Data records:
--- START ---

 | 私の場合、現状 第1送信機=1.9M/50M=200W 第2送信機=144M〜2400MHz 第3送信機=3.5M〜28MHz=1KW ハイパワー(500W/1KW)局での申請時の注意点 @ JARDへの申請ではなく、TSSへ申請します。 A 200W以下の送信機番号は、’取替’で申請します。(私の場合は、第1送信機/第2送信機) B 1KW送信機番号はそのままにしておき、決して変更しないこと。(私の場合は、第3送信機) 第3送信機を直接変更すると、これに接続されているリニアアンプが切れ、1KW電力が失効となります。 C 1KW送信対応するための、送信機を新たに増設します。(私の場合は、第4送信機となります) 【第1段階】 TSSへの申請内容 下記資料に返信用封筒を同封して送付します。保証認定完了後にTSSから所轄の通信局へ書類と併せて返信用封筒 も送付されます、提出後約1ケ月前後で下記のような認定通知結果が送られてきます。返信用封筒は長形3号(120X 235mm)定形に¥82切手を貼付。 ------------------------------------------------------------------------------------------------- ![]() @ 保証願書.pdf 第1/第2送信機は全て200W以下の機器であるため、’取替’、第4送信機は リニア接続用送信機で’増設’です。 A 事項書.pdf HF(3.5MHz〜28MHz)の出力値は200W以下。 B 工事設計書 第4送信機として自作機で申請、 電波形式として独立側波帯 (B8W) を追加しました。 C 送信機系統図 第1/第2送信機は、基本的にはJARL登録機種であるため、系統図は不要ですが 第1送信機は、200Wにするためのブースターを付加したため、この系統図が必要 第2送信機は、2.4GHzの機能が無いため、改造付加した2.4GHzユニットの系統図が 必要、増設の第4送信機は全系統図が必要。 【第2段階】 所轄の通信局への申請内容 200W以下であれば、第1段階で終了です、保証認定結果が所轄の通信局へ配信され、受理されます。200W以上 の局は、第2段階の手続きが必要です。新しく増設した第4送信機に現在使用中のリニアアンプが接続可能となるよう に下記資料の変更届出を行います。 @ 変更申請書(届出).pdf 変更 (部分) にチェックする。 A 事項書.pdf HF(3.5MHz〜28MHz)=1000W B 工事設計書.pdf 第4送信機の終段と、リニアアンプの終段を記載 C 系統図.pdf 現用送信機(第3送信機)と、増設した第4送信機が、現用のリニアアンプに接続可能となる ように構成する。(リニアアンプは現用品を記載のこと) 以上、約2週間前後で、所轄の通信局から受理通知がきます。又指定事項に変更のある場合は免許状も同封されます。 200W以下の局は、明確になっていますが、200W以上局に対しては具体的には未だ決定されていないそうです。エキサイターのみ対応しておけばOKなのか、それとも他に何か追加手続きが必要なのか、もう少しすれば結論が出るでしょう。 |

--- END ---
--- START ---

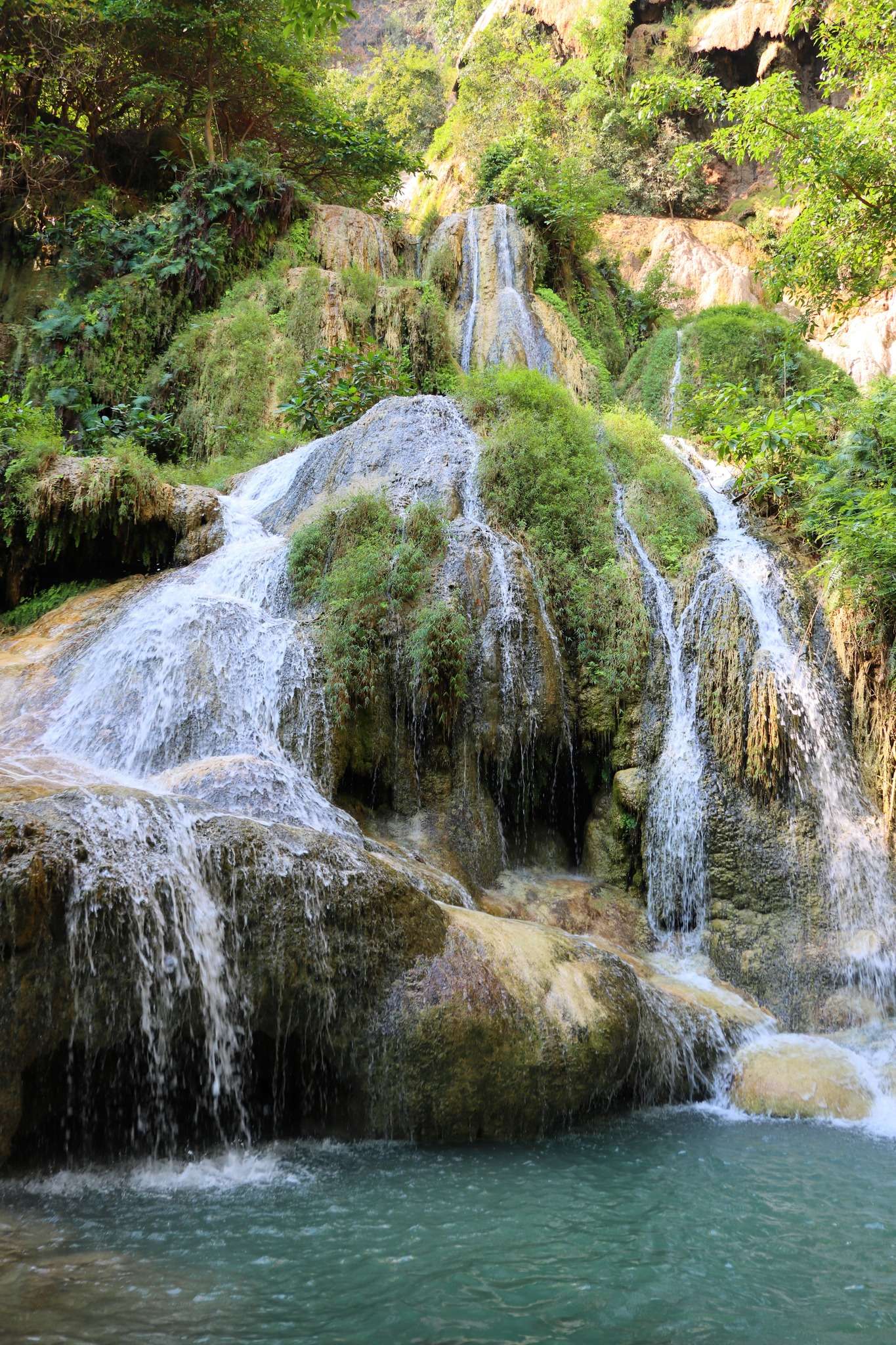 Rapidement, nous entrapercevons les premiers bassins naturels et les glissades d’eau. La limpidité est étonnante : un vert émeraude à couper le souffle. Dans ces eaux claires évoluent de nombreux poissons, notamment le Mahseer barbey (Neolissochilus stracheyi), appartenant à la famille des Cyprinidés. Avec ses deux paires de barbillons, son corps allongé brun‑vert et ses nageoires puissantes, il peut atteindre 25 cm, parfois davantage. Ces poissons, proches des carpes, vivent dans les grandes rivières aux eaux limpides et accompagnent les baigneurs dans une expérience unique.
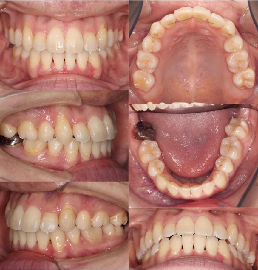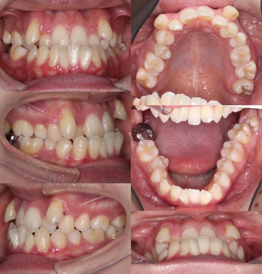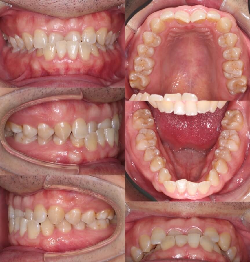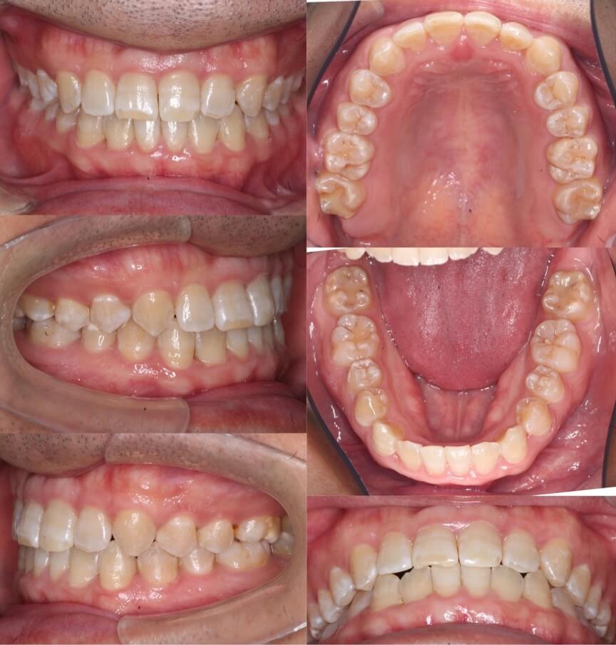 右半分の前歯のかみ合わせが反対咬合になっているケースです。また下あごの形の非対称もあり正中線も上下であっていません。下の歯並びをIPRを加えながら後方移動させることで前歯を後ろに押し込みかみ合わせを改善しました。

--- END ---
--- START ---

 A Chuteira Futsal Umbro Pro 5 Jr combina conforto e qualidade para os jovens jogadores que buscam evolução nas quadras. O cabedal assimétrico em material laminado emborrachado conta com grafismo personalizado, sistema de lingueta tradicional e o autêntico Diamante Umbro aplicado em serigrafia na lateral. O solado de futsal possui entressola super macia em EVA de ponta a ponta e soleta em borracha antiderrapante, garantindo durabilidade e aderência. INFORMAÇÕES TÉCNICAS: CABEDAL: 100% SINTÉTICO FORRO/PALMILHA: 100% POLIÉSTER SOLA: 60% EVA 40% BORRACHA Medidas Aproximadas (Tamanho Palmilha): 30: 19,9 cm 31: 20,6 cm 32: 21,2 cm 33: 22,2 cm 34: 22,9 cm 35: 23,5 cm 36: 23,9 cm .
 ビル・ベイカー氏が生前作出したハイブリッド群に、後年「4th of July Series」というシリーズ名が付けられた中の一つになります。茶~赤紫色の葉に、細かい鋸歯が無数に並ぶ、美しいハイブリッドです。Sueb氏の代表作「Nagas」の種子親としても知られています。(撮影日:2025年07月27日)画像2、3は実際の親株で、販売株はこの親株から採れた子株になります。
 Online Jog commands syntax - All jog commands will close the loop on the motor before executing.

--- END ---

Task details: Retype only this portion of the data above: the line containing "ビル・ベイカー氏が生前作出したハイブリッド群に、後年「4th of July", the line containing "Online Jog commands", and all lines between them, exactly.

Answer to this task:
 ビル・ベイカー氏が生前作出したハイブリッド群に、後年「4th of July Series」というシリーズ名が付けられた中の一つになります。茶~赤紫色の葉に、細かい鋸歯が無数に並ぶ、美しいハイブリッドです。Sueb氏の代表作「Nagas」の種子親としても知られています。(撮影日:2025年07月27日)画像2、3は実際の親株で、販売株はこの親株から採れた子株になります。
 Online Jog commands syntax - All jog commands will close the loop on the motor before executing.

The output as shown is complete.